Department of Entomology, Kansas State University, Manhattan, KS 66506, USA
Insects 2015, 6(2), 325-332;
Received: 12 February 2015 / Accepted: 20 March 2015 / Published: 9 April 2015
(This article belongs to the Special Issue Pest Control in Glasshouses)


Fungus gnats (Bradysia spp.) are major insect pests of greenhouse-grown horticultural crops mainly due to the direct feeding damage caused by the larvae, and the ability of larvae to transmit certain soil-borne plant pathogens. Currently, insecticides and biological control agents are being used successively to deal with fungus gnat populations in greenhouse production systems. However, these strategies may only be effective as long as greenhouse producers also implement alternative management strategies such as cultural, physical, and sanitation. This includes elimination of algae, and plant and growing medium debris; placing physical barriers onto the growing medium surface; and using materials that repel fungus gnat adults. This article describes the disease-interactions associated with fungus gnats and foliar and soil-borne diseases, and the alternative management strategies that should be considered by greenhouse producers in order to alleviate problems with fungus gnats in greenhouse production systems.

1. Introduction

Fungus gnats in the genus Bradysia spp. (Diptera: Sciaridae) are major insect pests of greenhouse production systems feeding on a wide-range of horticultural crops [1,2,3] with the commonly encountered species being Bradysia coprophila Comstock and B. impatiens Johannsen [4,5,6]. Fungus gnats, in general, are ubiquitous in greenhouses [7] but are primarily a problem under conditions of excessive moisture, which commonly occurs during propagation when cuttings and plugs are developing root systems [8,9]. The larval stage, which resides within the growing medium, feeds mainly on decaying plant material and fungi [10]. However, they will also feed on healthy plant roots and tunnel into stems of young cuttings and seedlings [4], and the crowns of mature plants [11]. Therefore, the larvae are primarily responsible for causing direct plant damage by feeding on the roots, thus interfering with the ability of plants to uptake water and nutrients, which results in wilting and stunted growth [3,4,12,13]. Fungus gnat adults are mainly a nuisance causing minimal direct plant damage [9].
A number of insecticides from different chemical classes and various biological control agents including a soil-dwelling predatory mite (Stratiolaelaps scimitus (Womersley)), a rove beetle (Dalotia coriaria Kraatz), and entomopathogenic nematode (Steinernema feltiae Filipjev) have been shown to be effective in suppressing or regulating fungus gnat populations [1,8,14,15,16,17,18,19]. However, these strategies may only be effective if alternative plant protection strategies are implemented simultaneously.
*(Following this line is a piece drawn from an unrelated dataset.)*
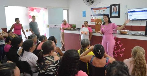 A ação reuniu mulheres em frente à sede das duas secretarias municipais, que fica localizada na Rua Osvaldo Pinheiro, com o objetivo de sensibilizar o público feminino com relação à campanha Outubro Rosa

Furthermore, sole reliance on insecticides may be an issue as there is the possibility of fungus gnats developing resistance to insecticides [20,21]. This article will discuss the disease-interactions associated with fungus gnats, and the alternative management strategies that should be considered so as to alleviate problems with fungus gnats in greenhouse production systems.

2. Disease-Interactions

Fungus gnat larvae not only cause direct damage during feeding but their feeding may predispose plants to attack from soil-borne plant pathogens by creating wounds, which allow entry of certain soil-borne fungi [12,22,23,24]. Furthermore, larvae are capable of directly transmitting certain fungal diseases including Pythium spp., Fusarium spp., and Verticillium spp., from diseased to non-infected plants [24,25,26,27]. It has been shown that fungus gnat larvae can transmit Thielaviopsis basicola Berk & Broome, Fusarium oxysporum f. sp. radices-lycopersici Jarvis & Shoemaker, Verticillium albo-atrum Reinke & Berthold, and Fusarium avenaceum (Fr:Fr) [24,27,28,29,30]. It has also been reported that the oospores of certain Pythium spp. may survive passage through the digestive tract of B. impatiens larvae, which might be intact/viable after being excreted [24]. Furthermore, larvae of the fungus gnat, B. impatiens have been shown to ingest the propagules of Pythium aphanidermatum (Edson) and macroconidia of F. avenaceum that can then be introduced into young healthy plants during the feeding process [13,30]. Under laboratory conditions, fungus gnat larvae are capable of transmitting Pythium spp.; however, the extent of larval transmission may be less of a factor under greenhouse conditions, and may vary depending on the specific Pythium species [31]. In addition, it has been suggested, based on laboratory experiments, that fungus gnat larval feeding may decrease geranium seedling (Pelargonium × hortorum L.) susceptibility to Pythium infection or at least there is no enhancement in infection [32]. However, this may not represent what would occur under greenhouse conditions.
Fungus gnat adults are capable of carrying, on their bodies, the aerial conidia of certain foliar and soil-borne plant pathogenic fungi that produce aerial dispersal stages such as Botrytis cinerea Pers.:Fr., F. avenaceum, F. acuminatum (Ellis & Everhart), T. basicola, V. dahliae Kleb., and V. albo-atrum, which can then be transmitted to healthy plants [25,27,28,29,33]. Adult fungus gnats may not be able to vector Pythium spp., because any sexual and/or asexual reproductive structures are produced belowground (there are no aerial dispersal stages), which are not accessible to fungus gnat adults for acquisition because adults live aboveground [34,35].
Although adults do not fly very well and tend to reside near the growing medium, they may still be able to disperse spores of foliar plant pathogens in localized areas of the greenhouse [33]. The potential for both life stages of fungus gnats to transmit diseases means that the tolerance level for the presence of this pest may be very low, which is similar to other insect pests that vector diseases such as the western flower thrips, Frankliniella occidentalis Pergande [36]. Moreover, this means that intensive plant protection practices need to be implemented including alternative management strategies.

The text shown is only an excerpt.